Thursday, June 03, 2004

Abu Ghraib

The ACLU has now filed a lawsuit against the Department of Defense for refusing to release records of prisoner treatment that the ACLU requested under the Freedom of Information Act last fall, ACLU et al. v. Department of Defense et al., filed in the Southern District of New York.

The Defense Department refused to process the October FOIA request because...

...the material was not 'breaking news' and that the failure to expedite the request would not 'endanger the life or safety of any individual.' Full compliance with the request, the ACLU said, would have required the Defense Department to release records related to the emerging scandal at Abu Ghraib. It would also have required the release of records describing any measures taken by the Defense Department to prevent torture and abuse.

...The FOIA request was filed in October 2003 by the ACLU and four other organizations: the Center for Constitutional Rights, Physicians for Human Rights, Veterans for Common Sense, and Veterans for Peace. The requesters are currently considering litigation to force compliance with the seven-month-old request. source


Plus...

Hundreds of Iraqi prisoners were held in Abu Ghraib prison for prolonged periods despite a lack of evidence that they posed a security threat to American forces, according to an Army report completed last fall.

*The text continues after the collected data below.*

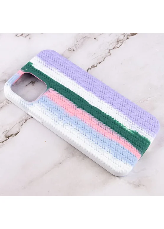 Чехол Silicone case Full Braided для Apple iPhone 12 Pro Max (6.7") Белый / Сиреневый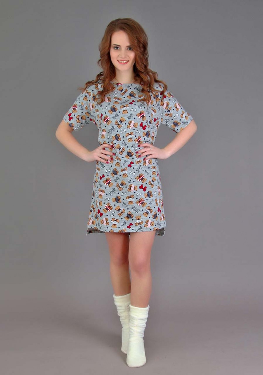 И снова сорочка Даниэла в новой расцветке "Мишки". Короткий рукав, прямой силуэт, удлиненная спинка с небольшими разрезами по бокам придают модели изящества и оригинальности.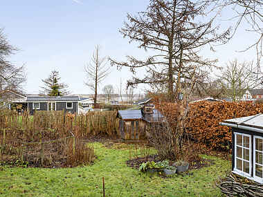Udenfor åbner en skøn have sig op, komplet med blomstrende bede og en lille dam, forbundet af naturstensstier. Fra træterrassen kan I nyde udsigten til Holbæk Fjord og betagende solnedgange, mens haven tilbyder et lukket og ugenert fristed.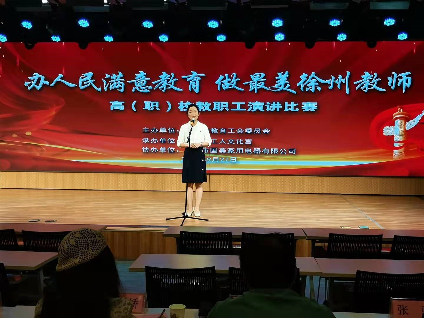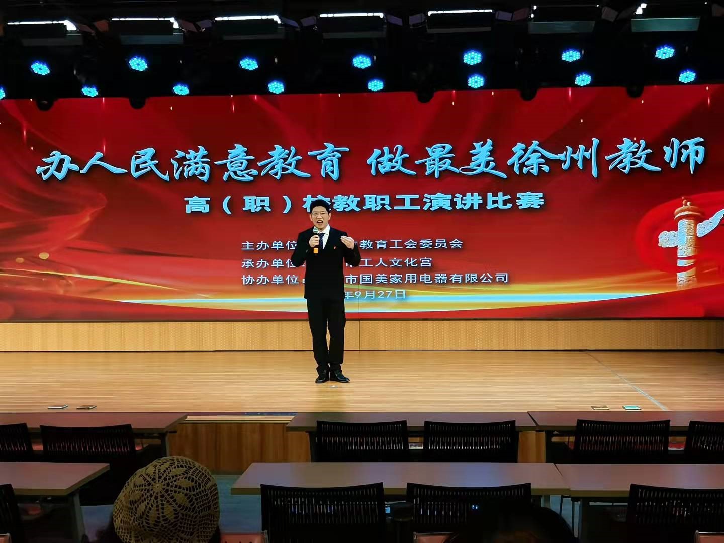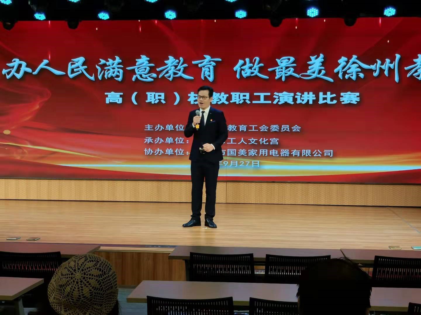 9月27日,由徐州市教育工会主办、市工人文化宫承办、市国美家用电器有限公司协办的 “办人民满意教育 做最美徐州教师” 全市高(职)校教职工演讲比赛在市文化宫举行,全市13家高(职)校28名教师代表参赛。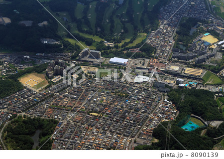 兵庫県の能勢電鉄日生中央駅付近を空撮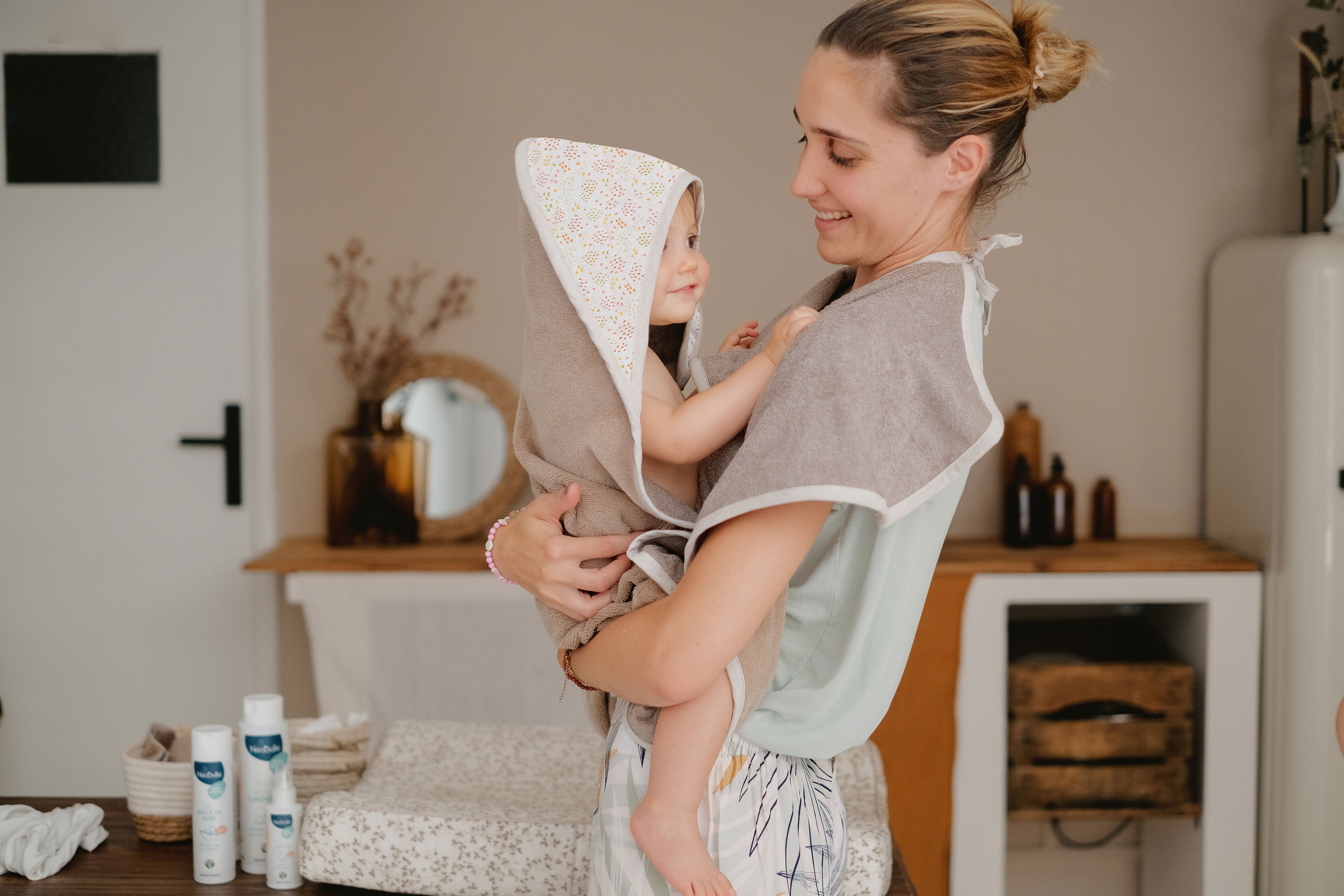 - La serviette tablier Bain Cocon s’enfile autour du cou du parent comme un tablier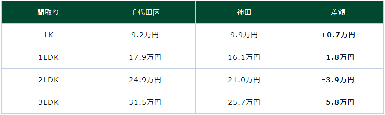 如上表所示,神田的房子除了1K的房租水平稍高一點(diǎn)以外,其他戶型的租金行情均較為便宜,1LDK便宜了近2萬日元,而2LDK~3LDK的房子更是便宜3萬日元以上。 因此,在千代田區(qū)內(nèi)的神田更適合有家庭的人居住。即使是一個人生活的情況下,1K的戶型也僅僅貴了“+0.7萬日元”而已,所以房租也不算過高。仔細(xì)合算后會發(fā)現(xiàn),租這樣的房子性價比很高。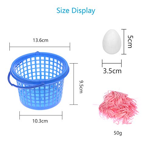Set di cestini per uova di Pasqua:Riceverai 6 cestini da caccia per uova di Pasqua di diversi colori, 12 uova di schiuma e due colori di brandelli di carta rafia. Puoi realizzare decorazioni perfette per cesti di uova di Pasqua con questo set regalo. Ti piaceranno molto queste simpatiche forniture pasquali.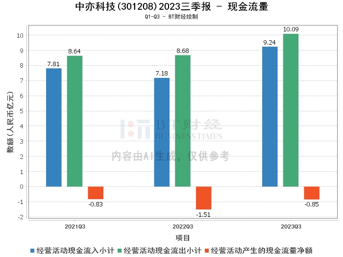 总的来看,中亦科技2023年三季度的经营状况总体稳健,营业收入和净利润的增长表明公司的业务发展良好,现金流量的增加也反映了公司的经营活动效益提升。然而,营业成本的增长也需要引起关注。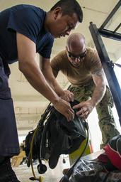 | Keywords: US Navy divers and Belizean Coast Guard divers work together during Southern Partnership Station '14 140611-N-IP743-138.jpg en Navy Diver 1st Class Jose Arbelaez of Mobile Diving and Salvage Unit Two MDSU 2 Company 2-1 and Petty Officer 2nd Class Abraham Hinds of the Belize Coast Guard Service attach a buoyancy compensator to a SCUBA tank The MDSU 2 divers are working together with their Belizean Coast Guard counterparts as part of Southern Partnership Station 2014 Southern Partnership Station 2014 is a U S Navy deployment focused on subject matter expert exchanges with partner nation militaries and security forces in Central and South America and the Caribbean U S military teams work with partner nation forces during naval-focused training exercises military-to-military engagements and community relations projects in an effort to enhance partnerships with regional maritime activities and improve the operational readiness of participants U S Navy photo by Mass Communication Specialist 1st Class Brett Cote/Released 2014-06-11 Petty Officer 1st Class Brett Cote https //www dvidshub net/image/1394658 140611-N-IP743-138 2014-06-12 21 20 BELIZE CITY BZ 3 PD-USGov-Military-Navy United States Navy Mobile Diving and Salvage Unit Two Southern Partnership Station 2014 Images from DoD uploaded by Fæ |

The unpublished report, by Maj. Gen. Donald J. Ryder, reflects what other senior Army officers have described as a deep concern among some American officers and officials in Iraq over the refusal of top American commanders in Baghdad to authorize the release of so-called security prisoners.
  NY Times article

And, as for ever getting to the bottom of it - or, rather, the top....

"I can't tell if all the inquiries represent attempts to patch new holes opening in the boat every day, or if they're part of some carefully designed strategy to have lots of activity going on around the center of this thing without probing the center itself," said John Hamre, who served as deputy secretary of defense under President Bill Clinton and now heads the Center for Strategic and International Studies in Washington.

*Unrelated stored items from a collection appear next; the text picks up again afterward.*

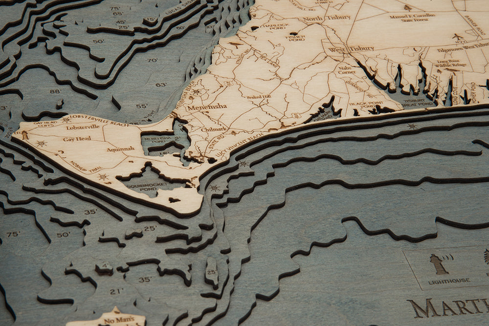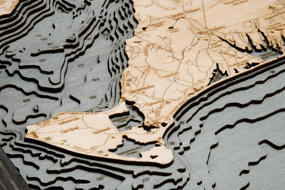 Our 3D wood map of Martha’s Vineyard begins as a bathymetric chart. The chart helps the artist accurately portray the topography of the island and its surrounding water. Pieces of high-quality birch are laser cut into the exact shapes of the island and water depths. They are then glued together to form the beautiful dimension our wood charts are known for. The water is hand-stained and points of interest are etched into the surface. A custom-sized solid wood frame completes the nautical wood map.
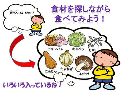 今日の「給食室からこんにちは」では,どんな食材を使っているのか,確かめながら食べました。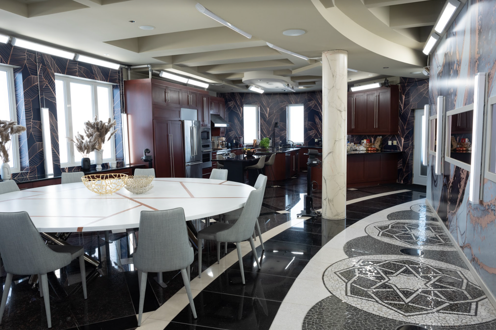 Les accents en marbre et doré sont aussi à l'honneur dans la cuisine et la salle à manger.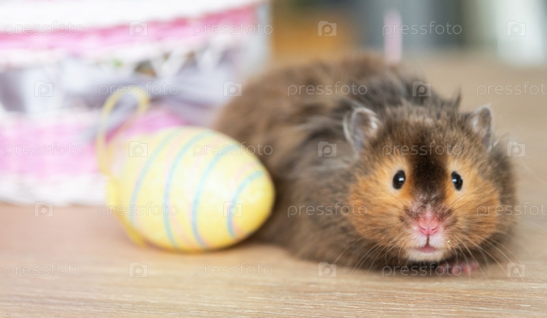 Забавный пушистый хомяк вылезает из корзины с разноцветными пасхальными яйцами - праздничный пасхальный декор с домашним питомцем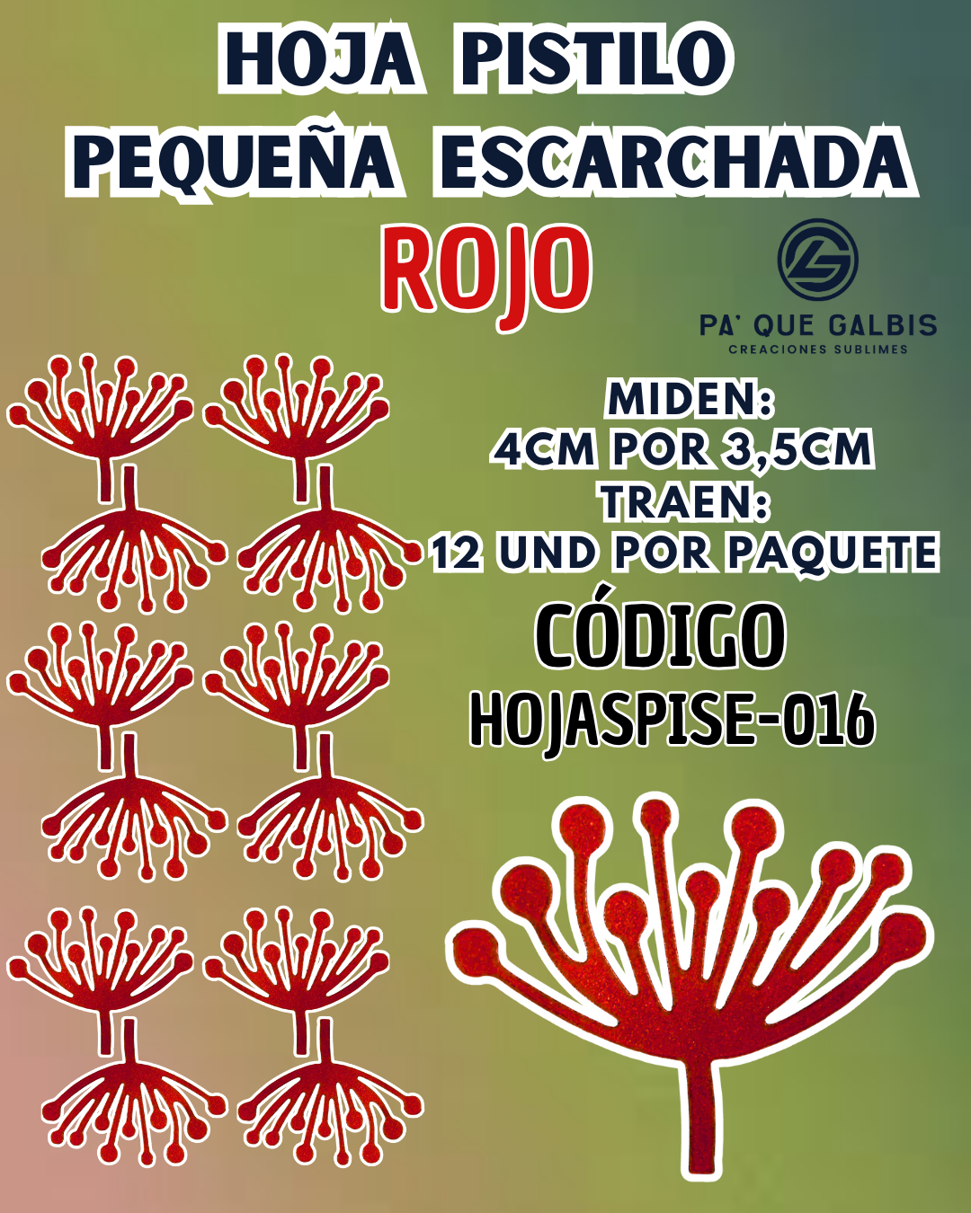 HOJAS PEQUEÑAS PISTILO ROJO ESCARCHADAS 1 PAQUETE CONTIENE 12 UND CÓDIGO HOJASPISE-016

With one inquiry completed and five more underway -- not to mention dozens of criminal investigations into alleged abusive treatment of detainees inside and outside military-run facilities -- Pentagon officials continue to promise that all trails will be pursued wherever they lead and that the guilty will be held accountable.

But some military lawyers, lawmakers and defense experts point to what they see as fundamental shortcomings: Most of the probes involve the Army investigating itself, they say, and each investigation is focused on only one aspect or another of the burgeoning scandal -- the role of military intelligence personnel who served as interrogators, for instance, or the adequacy of training of reservists or the need for revisions in Army training and doctrine.

No investigating authority has been given the specific task of assessing the roles of top authorities either in the U.S. Central Command or at the Pentagon.